(Yugoslavia v. Belgium)
Case Citation: 1999 I.C.J. 105 (Apr. 29)
Also see: http://www.icj-cij.org/docket/files/105/7155.pdf
- Kosovo was an autonomous province that was within Serbia.
- Kosovo was populated with ethnic Albanians who wanted independence, but Serbia didn't want them to leave.
- The Serbian military began attacking Kosovar rebels (KLA) as well as civilians.
- France, Germany, Russia, the US, UK and Italy all pressed for negotiations to end the conflict.
- The Rambouillet Agreement was proposed.
- United Nations Resolution 1199 was passed, which stated that if the sides did not stop fighting, the UNSC would consider further action.
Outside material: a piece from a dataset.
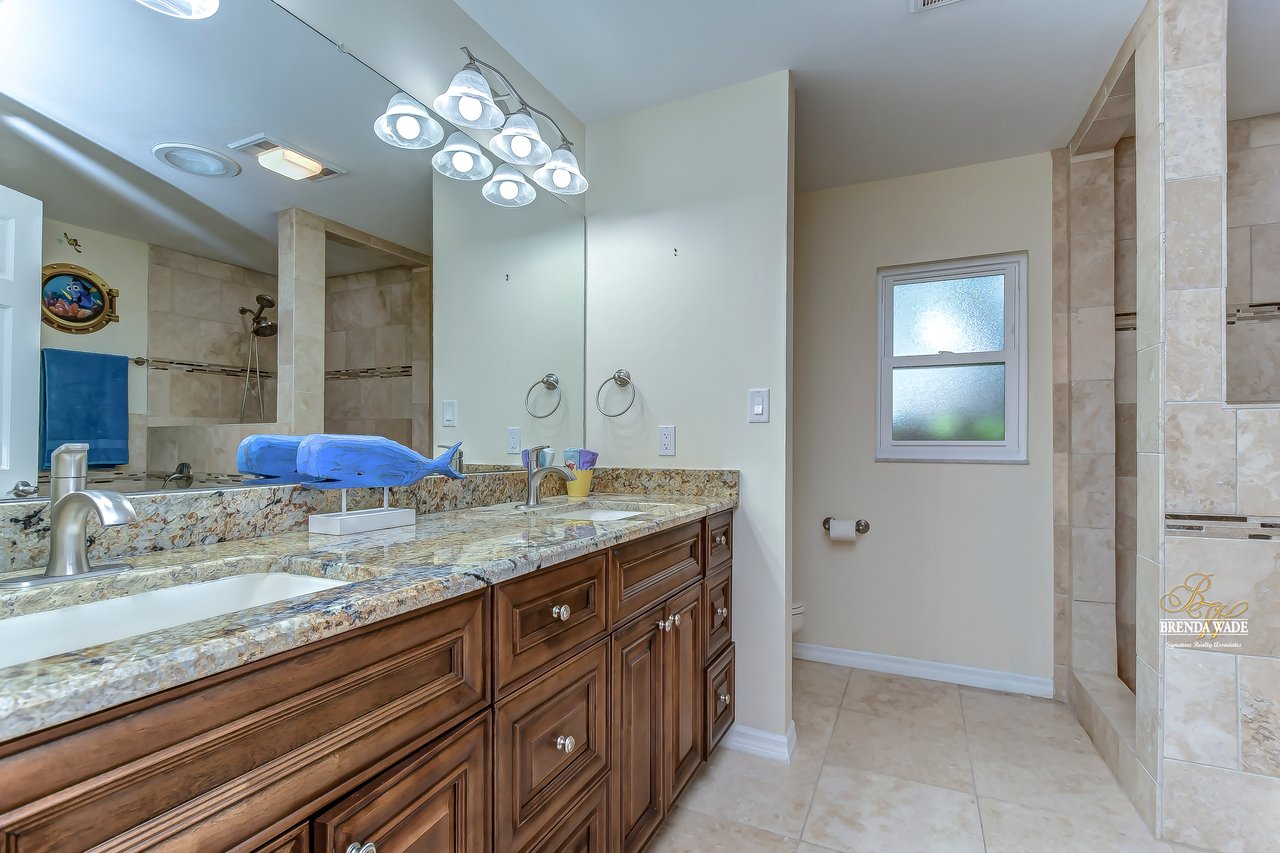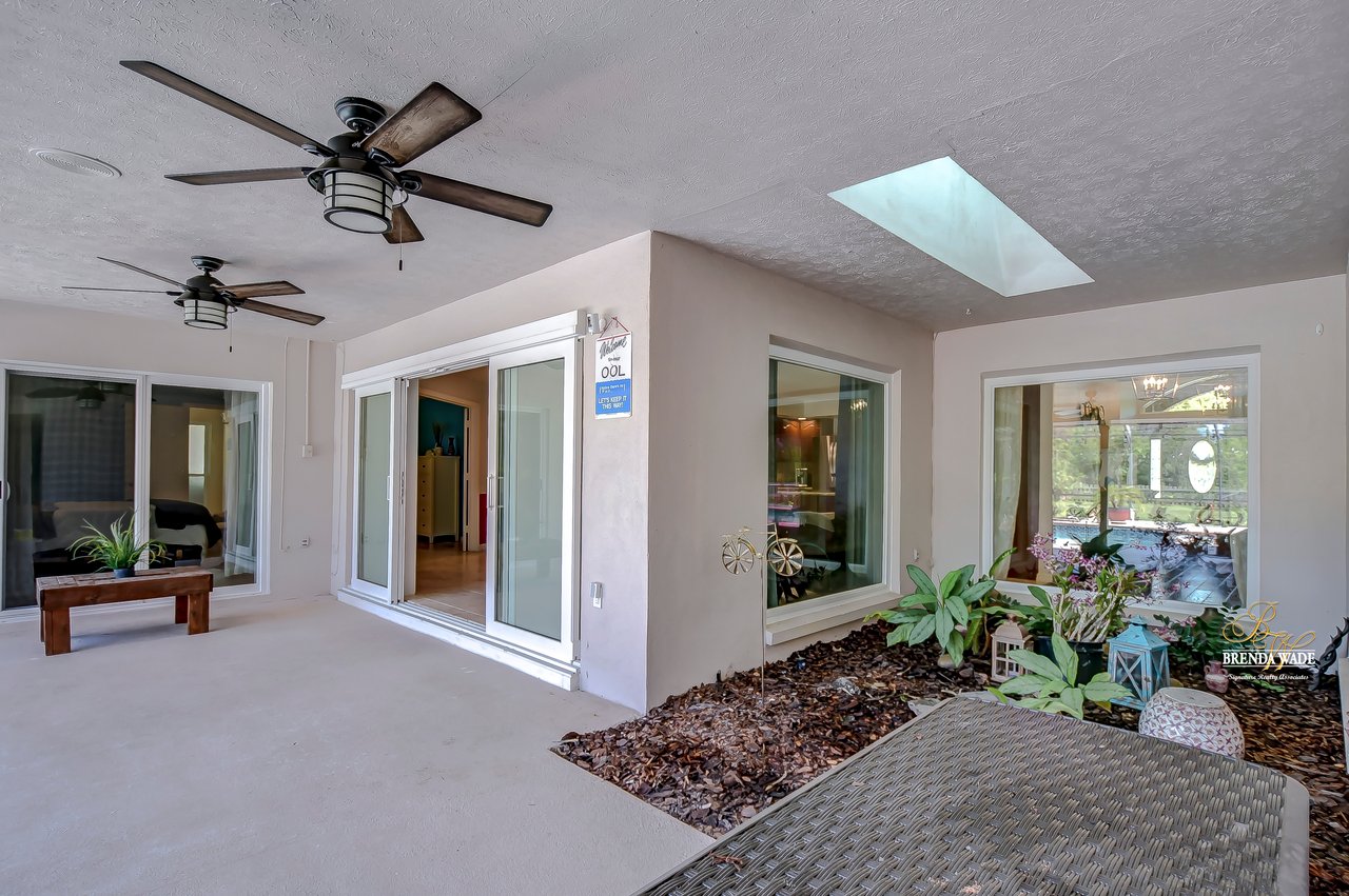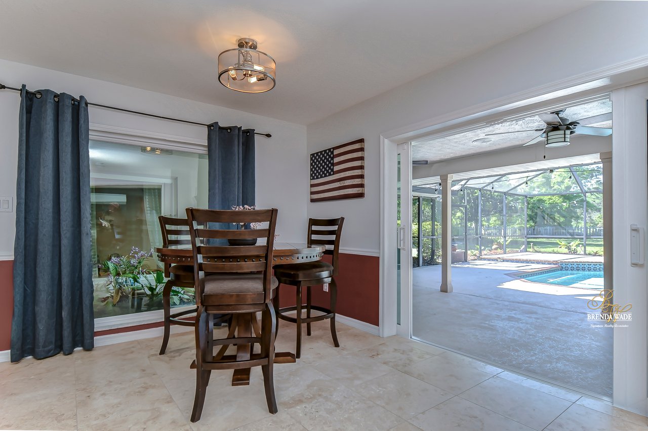 ONE OF A KIND! Opportunities like this don’t come around often! This wonderful pool home is situated on an oversized 1.15-acre lot in the prestigious community of Southoak! Arriving at the house you will immediately fall in love with the brick exterior, side entry garage and extended drive! Inside awaits rich wood flooring, neutral paint and bright open floor plan! Natural light pours into the house from every room with NEW GLASS WINDOWS AND DOORS throughout! Formal dining room will be your favorite place to entertain with new floors and flows directly into the AMAZING KITCHEN! Any chef in the family will marvel over this expansive kitchen! Center island, stainless appliances including NEW REFRIGERATOR AND MICROWAVE IN 2021, granite counters, subway tile backsplash and so much more! Eat in nook boasts large pocket sliding glass doors opening from the center looking out to the lanai and pool! There is a bright home office behind French doors with bay windows so you can have a peaceful view while you work from home! Family room is the heart of the home with cozy fireplace and adjacent bonus room with wet bar and more sliders to the lanai, this home was built for entertaining! The owner’s suite is a true retreat, secluded on one side of the house with private sliders to the lanai and en-suite with updated, his & hers vanity, walk-in shower, and a huge walk-in closet featuring custom built-in! Three more secondary bedrooms each offer oversized closets! Second full bath is complete with dual sinks, garden tub and separate shower! Need a quiet homework space? A cozy office/craft room is just the place! Step out onto the lanai and be welcomed to paradise! Sparkling swimming pool & spa, tons of covered seating; all overlooking the vast, fully fenced yard! More desirable updates include: a NEW WELL PUMP in 2021 and a BRAND NEW IRRIGATION CONTROLLER with 8 zones and WiFi connected app! This is a dream come true! Move-in ready and waiting for even the most discerning buyer!

- Both the KLA and the Serbs ignored this threat and continued fighting.
- Eventually, however, the KLA accepted the terms of the Rambouillet, but the Serbs did not.
- NATO began bombing Serb targets in Serbia as well as in Kosovo.
- NATO took action unilaterally -- there was no resolution by the UN that authorized this use of force.
- Question: Why did NATO not get UNSC authorization?
- Answer: It would have been vetoed by Russia.
- Russia, China and Namibia tried to get a UNSC resolution passed condemning the actions of NATO, but it was voted down.
- NATO claimed that this was a de facto authorization.
- None of the NATO countries had been attack, and this conflict was internal, therefore Article 2(4) of the United Nations Charter was not applicable.
- NATO claimed that the action was humanitarian, and the Serbs were in violation of customary international law by attacking the KLA. NATO claimed there was a chance of spillover into a NATO country.
- Serbia sued NATO in the International Court of Justice (ICJ).
- Serbia made the argument that NATO had violated international law by intervening in the internal affairs of Yugoslavia by bombing and equipping the KLA. This is a violation of Article 2(4) and Article 2(7).
- Serbia also argued that NATO's real motive was in fact geopolitical and that there was no precedent of basis in international law for humanitarian intervention.
- Furthermore, Serbia claimed that there was no collective self-defense argument to be made under Article 51 of the United Nations Charter. This was because Serbia was not attacking anyone outside of Serbia.
- NATO, however, pointed to recent customary international law as well as the need to prevent an ongoing humanitarian catastrophe, the vote against condemning the attack as well as UN resolutions that told Serbia to stop attacking.
- NATO made the argument that there was a state of necessity because the war needed to be stopped before it became bigger and engulfed other countries.
A state of necessity is a cause that justifies the violation of a binding rule in order to safeguard, in the face of grave and imminent peril, values which are higher than those that are protected by the rule that has been breached.
Was there a state of necessity in this case. Under the state of necessity, acts taken must be proportionate, were the bombings proportionate?
Under Article 51, as long as the UNSC has not taken action, regional organizations such as NATO can take action for the maintenance of peace.
However, these actions can not be an enforcement action, or it would be covered under Article 53.
- NATO's argument was that it was a humanitarian issue and it wasn't designed to impact the sovereignty of Yugoslavia, therefore it was not covered by Article 2(4).
- Furthermore, NATO argued that the UNSC voted on a resolution to condemn the bombing, but it did not get the votes to pass. Therefore, this looks like an authorization.
- NATO pointed to Resolution 1244 subsequent to the bombing. The resolution welcomed the political settlement. This is somewhat like a retroactive post-fact approval of the use of force.
- The ICJ stated that they did not have jurisdiction to hear the case.
- The ICJ stated that in order to have jurisdiction to hear the case, Yugoslavia would have had to accepted compulsory jurisdiction under Article 36(2) prior to the events occurring.
- Yugoslavia did not accept jurisdiction when the bombings occurred so they could not bring a case to the ICJ.
- Furthermore, the ICJ noted that NATO's actions had not been carried out with the intent to destroy a national, ethnic or religious group and, as a result, the ICJ could not claim universal jurisdiction under the Genocide Convention.